D. Die Entwicklung des Ökumenischer Rat der Kirchen am Beispiel der Vollversammlungen

Da die Vollversammlungen das oberste Gremium des Ökumenischer Rat der Kirchen sind, werden auf deren Tagungen die Weichen und Ziele der Arbeit festgelegt. Dadurch soll der Ökumenischer Rat der Kirchen Organ der Kirchen bleiben. Allerdings bereiten der Exekutivausschuß und die Bürokratie des Generalsekretariats und der Kommissionen die Vollversammlungen und andere Tagungen vor. In der Auswahl der Referenten, der Bedeutung der Arbeitsgruppen und des Materials, das die Delegierten vor den Vollversammlungen erhalten, hat die Leitung des Ökumenischer Rat der Kirchen viele Möglichkeiten, auch an einzelnen und mehreren der Mitgliedskirchen vorbeizumanipulieren. Dies führte besonders bei den Vertretern der >Orthodoxen Kirche in den letzten Jahren zu großer Verärgerung.

Fazit:

Daß sich der Ökumenischer Rat der Kirchen nicht von der westlich-liberalen Theologie distanzierte, trieb den Ökumenischer Rat der Kirchen zur Spaltung. Nach der Vollversammlung beschloß der "Heilige Synod", die oberste Kirchenbehörde der Russisch-Orthodoxen Kirche, die "aktive Beteiligung" an der laufenden Arbeit des Ökumenischer Rat der Kirchen auszusetzen. Da sich die Russisch-Orthodoxe Kirche auch durch die dem Ökumenischer Rat der Kirchen nahestehende Konferenz Europäischer Kirchen schlecht vertreten sieht, will sie eine eigene Vertretung bei der Europäischen Union in Brüssel einrichten.

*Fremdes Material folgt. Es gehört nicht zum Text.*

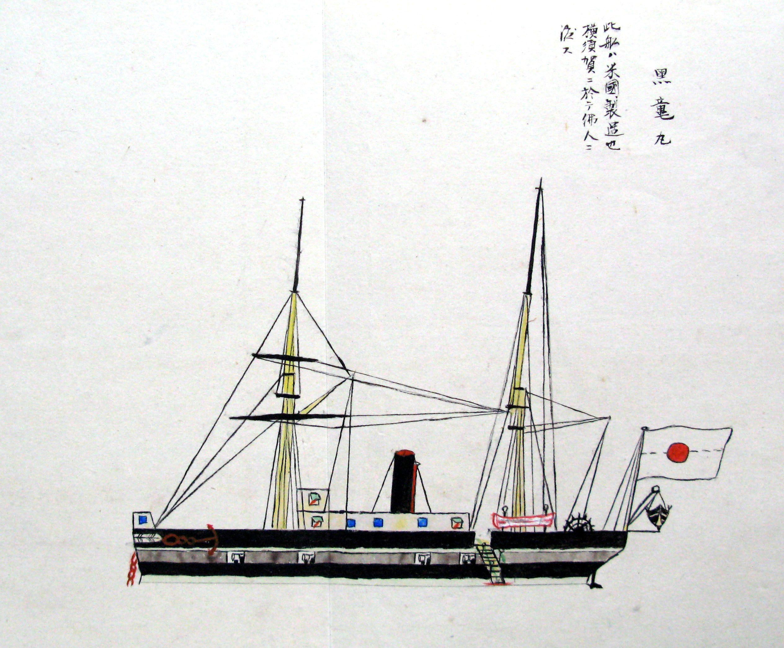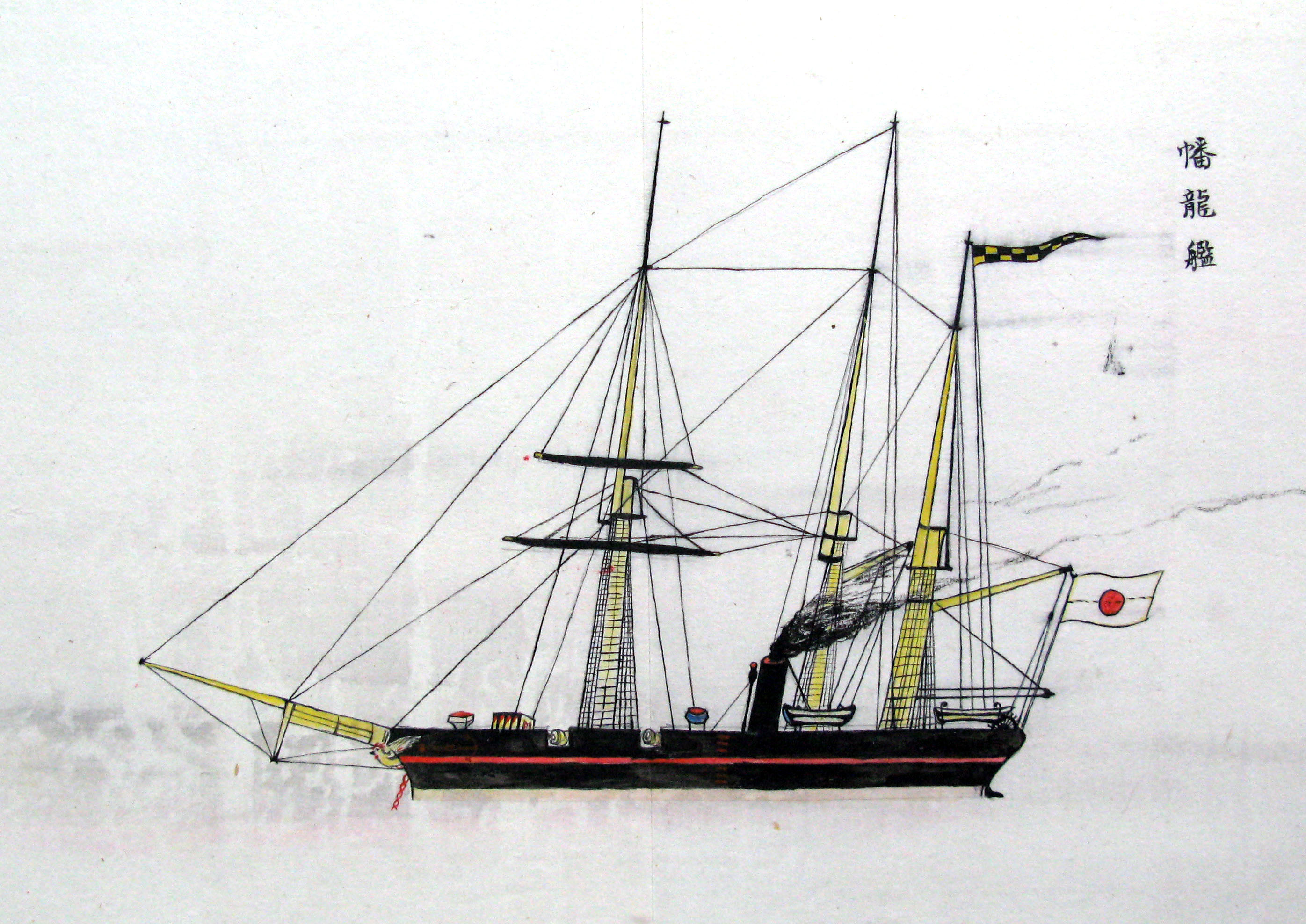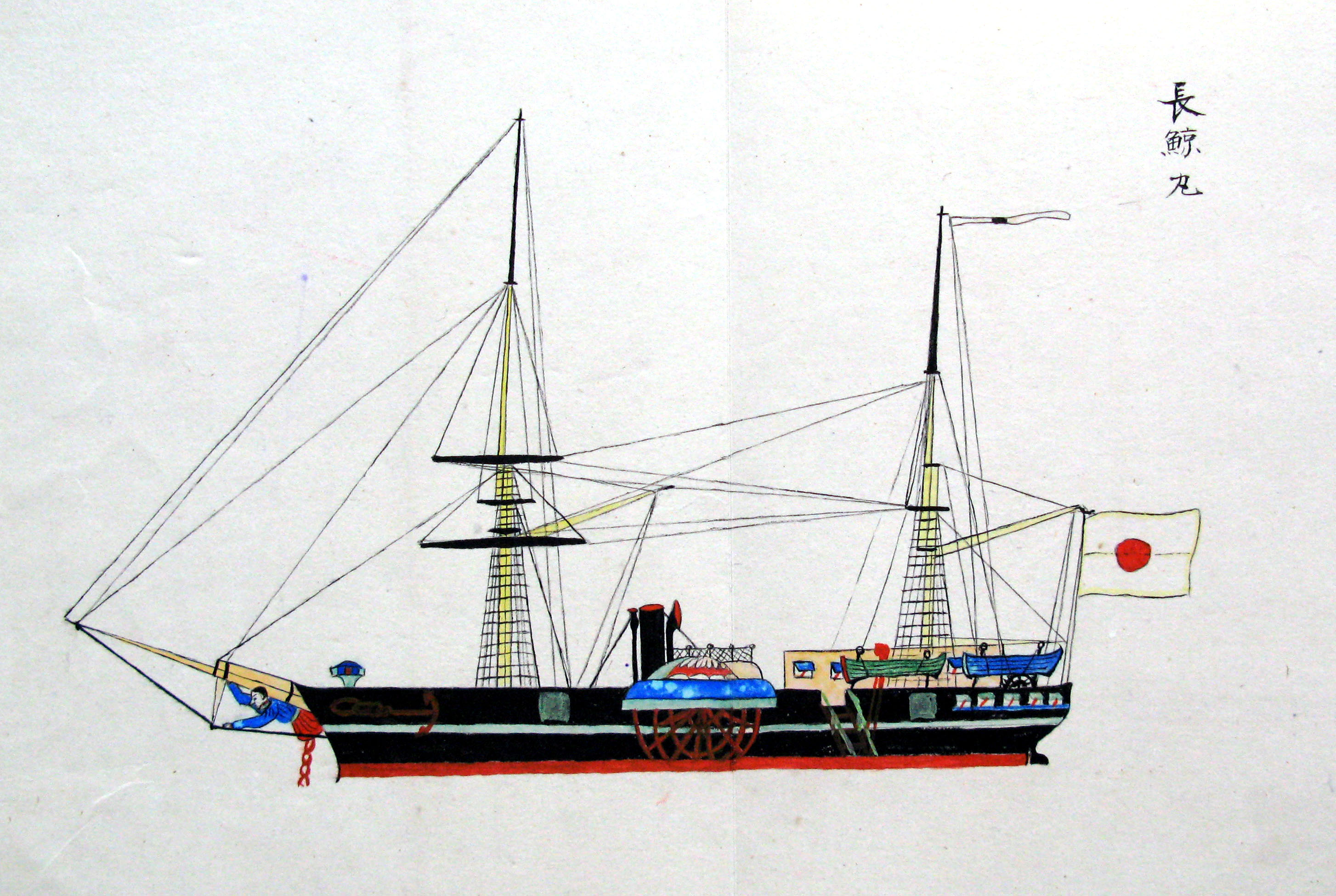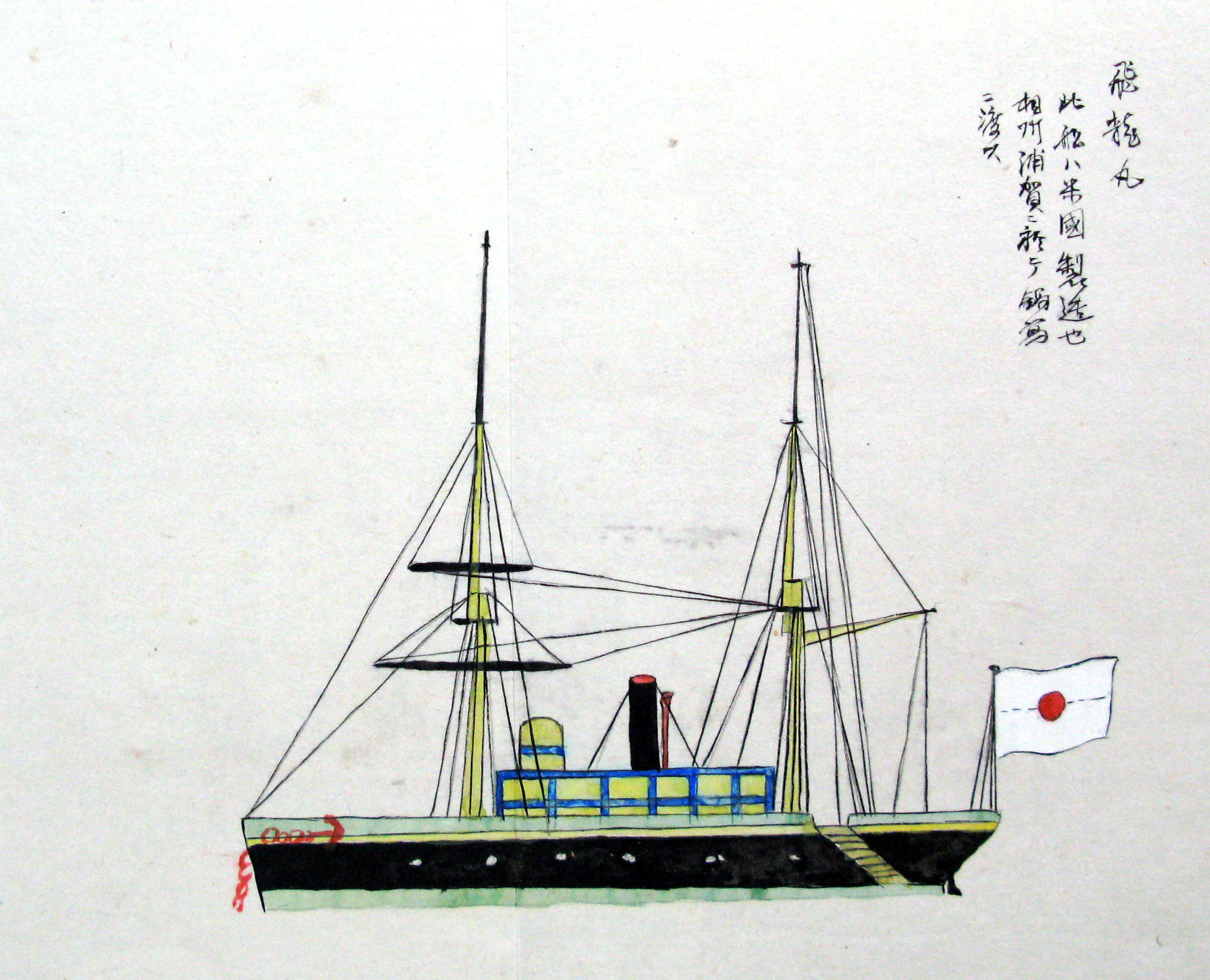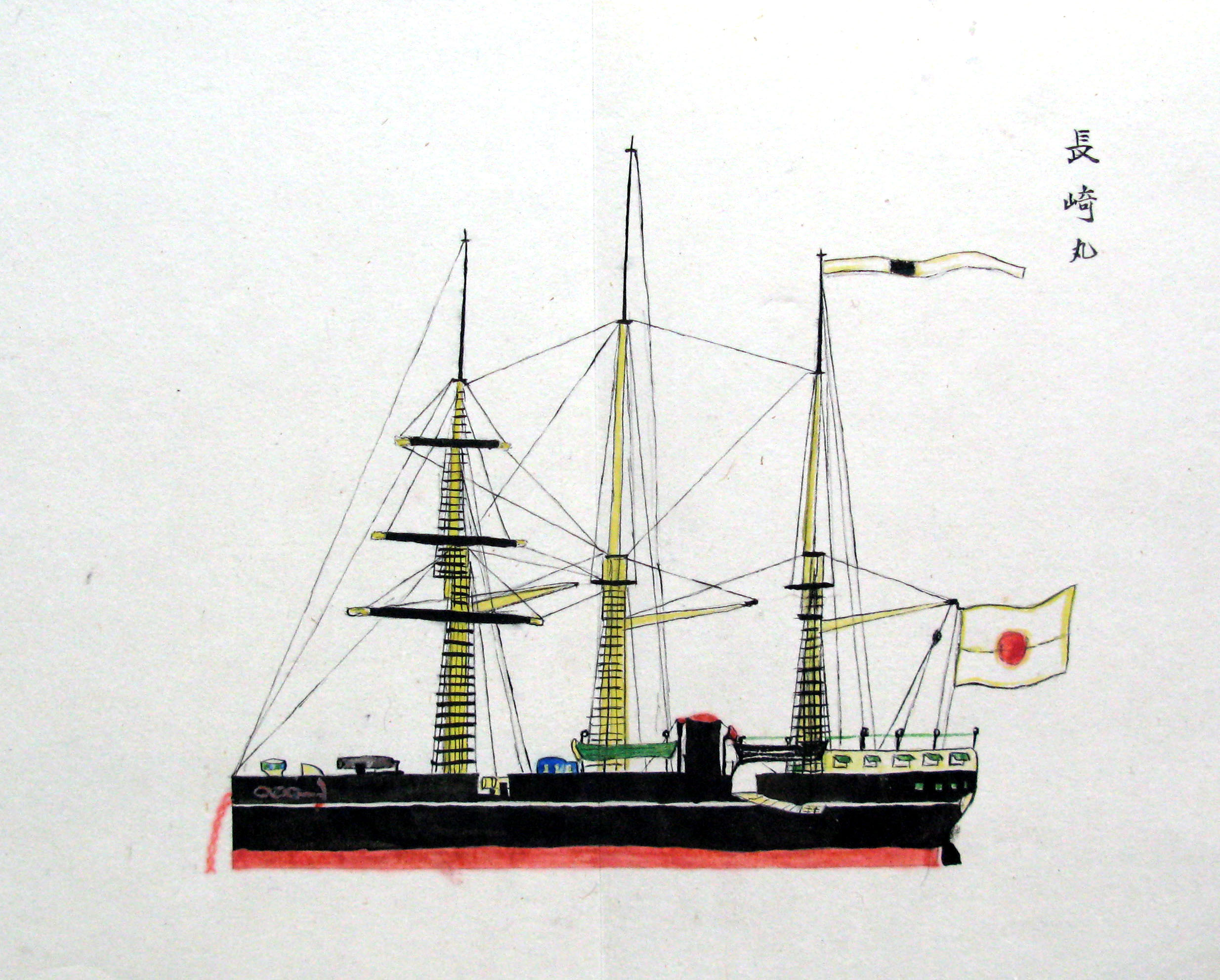 折本(紙本着色) 幕府が所有していた軍艦など37隻が描かれ、後半には箱館港に集結する軍艦・宮古湾での海戦の様子、江差で座礁する開陽などを描いた部分が含まれています。

Die Griechisch-Orthodoxe Kirche und das Ökumenische Patriarchat in Konstantinopel handhaben es ebenso.

Obwohl der Ökumenische Rat der Kirchen zur Zeit noch rund 350 Mitgliedskirchen umfasst, geht seine kirchen- und weltpolitische, sowie seine theologische und moralische Bedeutung seit Jahren permanent zurück. Als Gesprächspartner mit Regierungen oder der Katholischen Kirche hat der Ökumenischer Rat der Kirchen seine Autorität weitgehend eingebüßt. Nach dem Untergang des kommunistischen Imperiums gibt es keine politische Macht, die über den Ökumenischer Rat der Kirchen ihre Außenpolitik in kirchliche und politische Kreise des Westens einführen will. Rom führt seine ökumenischen Gespräche unter weitgehender Umgehung des Ökumenischer Rat der Kirchen mit den konfessionellen Bünden. Sicher hofft der Papst, über die kleineren konfessionellen Gruppen seine Vorstellungen von christlicher Einheit eher durchsetzen zu können als im Gespräch mit dem mitgliederstarken Ökumenischer Rat der Kirchen.

Zu den heftigsten Kritikern des Ökumenischer Rat der Kirchen gilt der sich als biblische Alternative zum Weltkirchenrat verstehende >Internationale Rat Christlicher Kirchen (ICCC).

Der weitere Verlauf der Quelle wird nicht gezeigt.